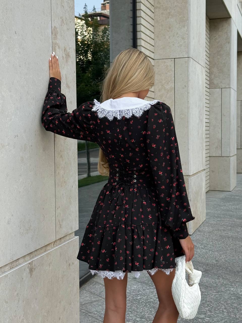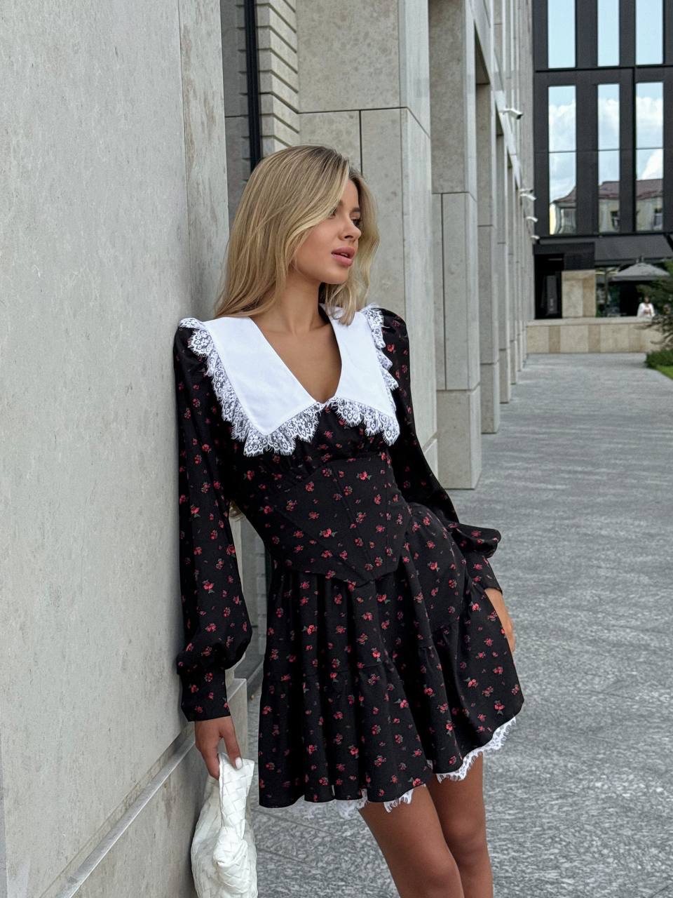 Сукня з софту чорна у квіти з білим мереживним коміром та корсетом. Легка, жіночна й стильна.
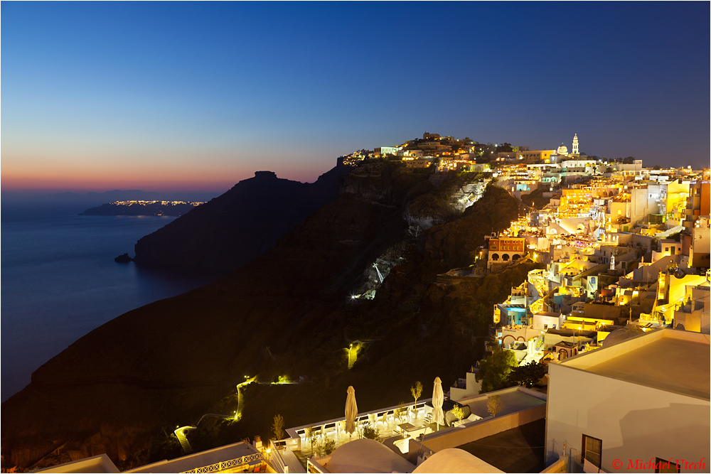 Blick den Kraterrand entlang bis nach Oía.
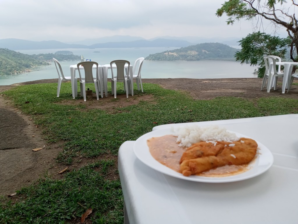 Vi fikk en veldig god start på morgenen både jeg og kona den første dagen i Paraty. Vi sovnet tidlig dagen før og begge våknet uthvilte og eventyrlystne. Vi stakk ut av gjestgiveriet og gikk hele veien til sentrum opplagte og med mye energi. Gjestgiveriet vi overnatter på ligger ikke mer en 4km unna bykjernen, men det er fortsatt et godt stykke for en latsabb på 100kg som liker seg best i sofakroken, så sant jeg ikke er på reisefot vel og merke. Vi fikk noen reisetips fra noen tilfeldige folk vi møtte som mente vi måtte stikke til en flott restaurant litt vekke fra byen med en fabelaktig utsikt. Vi tok en uber og dro dit og vi ble ikke skuffet.
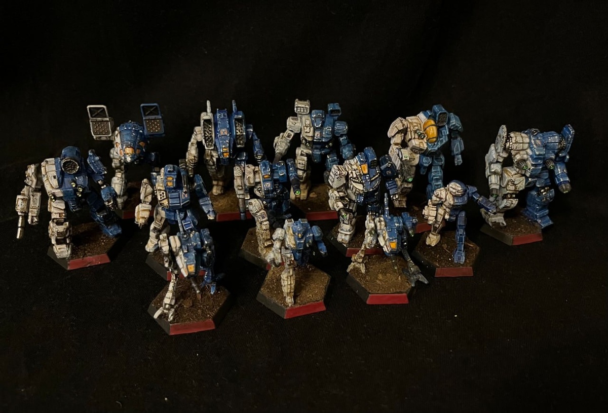 Набралось покраса мехов иp BattleTech 🎨 С этой прекрасной вселенной познакомился поиграв в игру MechCommander. Было это так давно, что уже и не помню, какая была часть. Вроде вторая... Очень захватила игра,проходил много раз, но совершенно не понимал сюжет. Какие-то кланы, мехи Дэвиона, Ляо, отличал только по цветам. Спустя года игра затерялась и про батлтех как-то позабыл. Но пару лет назад увидел в хоббигеймсе стартер, на котором красовались знакомые с детства мехи и подумал - пора постигать базу 🌡 Закупил, открасил, даже нашел с кем сыграть и просто О Ф И Г Е Л, на сколько это крутая штука! ☄️Мехи ощущаются абсолютно реальными, живыми! Нагрев, броня, закачки, контейнеры с боезапасом, тоннаж, взаимодействие с ландшафтом, уаааау!!! Был шокирован, игра покорила! Ну и вот, перед вами Lyran Commonwealth. К просмотру 👀 #battletech #thunderbolt #griffin_mech #catapult #wolverine_mech #warhammer_mech #shadow_hawk #battlemaster #mechwarrior #Commando #Locust #Phoenix_Hawk #Atlas #command
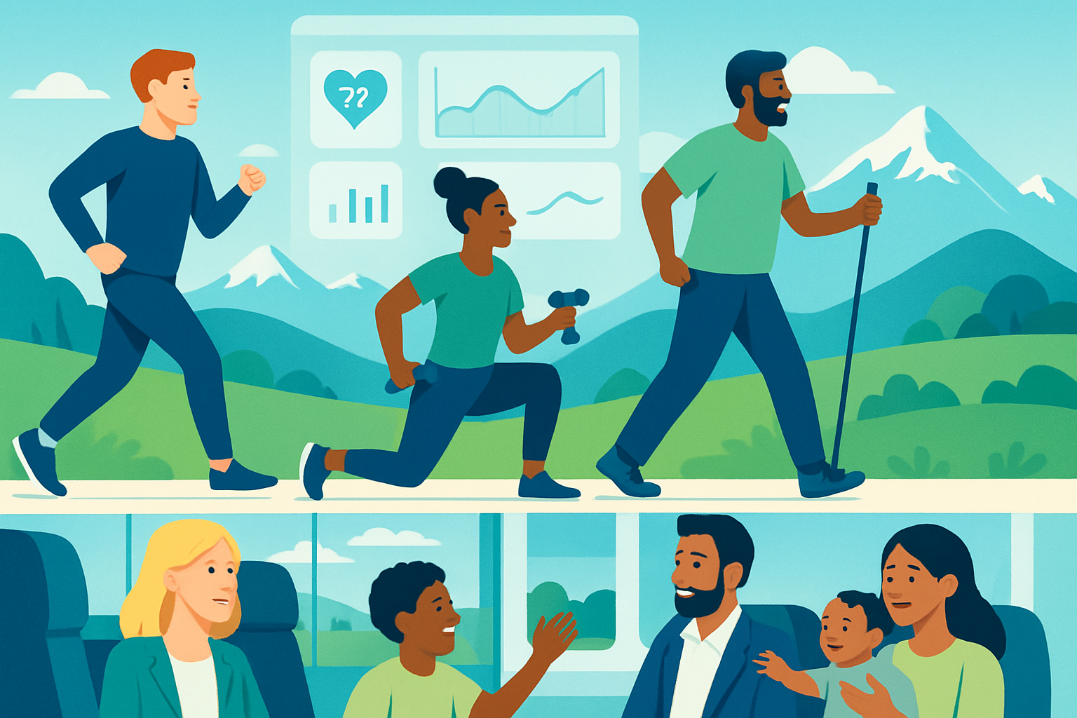 Visual design development for Cloud Medical website featuring human-centered visuals, modern clean aesthetic, bright and optimistic tone. Key design elements include: people moving and interacting with family, elevated healthcare feel distinct from insurance carriers, social proof integration with Heads Up Health dashboards showing biomarker results. Logo adaptation work to incorporate M shape (Twin Peaks, EKG symbol, CM initials, mountain symbolism) while maintaining CloudX globe/X-sphere design for premium tier. Design must create cohesive visual experience across both service tiers while clearly differentiating CloudX premium positioning.

· · · · ·

> Problem to solve
Taking the material above, give again exactly the lines from the one holding "Blick den Kraterrand entlang bis nach Oía." through the one holding "Vi fikk en veldig", with both ends and without pictures.

> Result
 Blick den Kraterrand entlang bis nach Oía.
 Vi fikk en veldig god start på morgenen både jeg og kona den første dagen i Paraty. Vi sovnet tidlig dagen før og begge våknet uthvilte og eventyrlystne. Vi stakk ut av gjestgiveriet og gikk hele veien til sentrum opplagte og med mye energi. Gjestgiveriet vi overnatter på ligger ikke mer en 4km unna bykjernen, men det er fortsatt et godt stykke for en latsabb på 100kg som liker seg best i sofakroken, så sant jeg ikke er på reisefot vel og merke. Vi fikk noen reisetips fra noen tilfeldige folk vi møtte som mente vi måtte stikke til en flott restaurant litt vekke fra byen med en fabelaktig utsikt. Vi tok en uber og dro dit og vi ble ikke skuffet.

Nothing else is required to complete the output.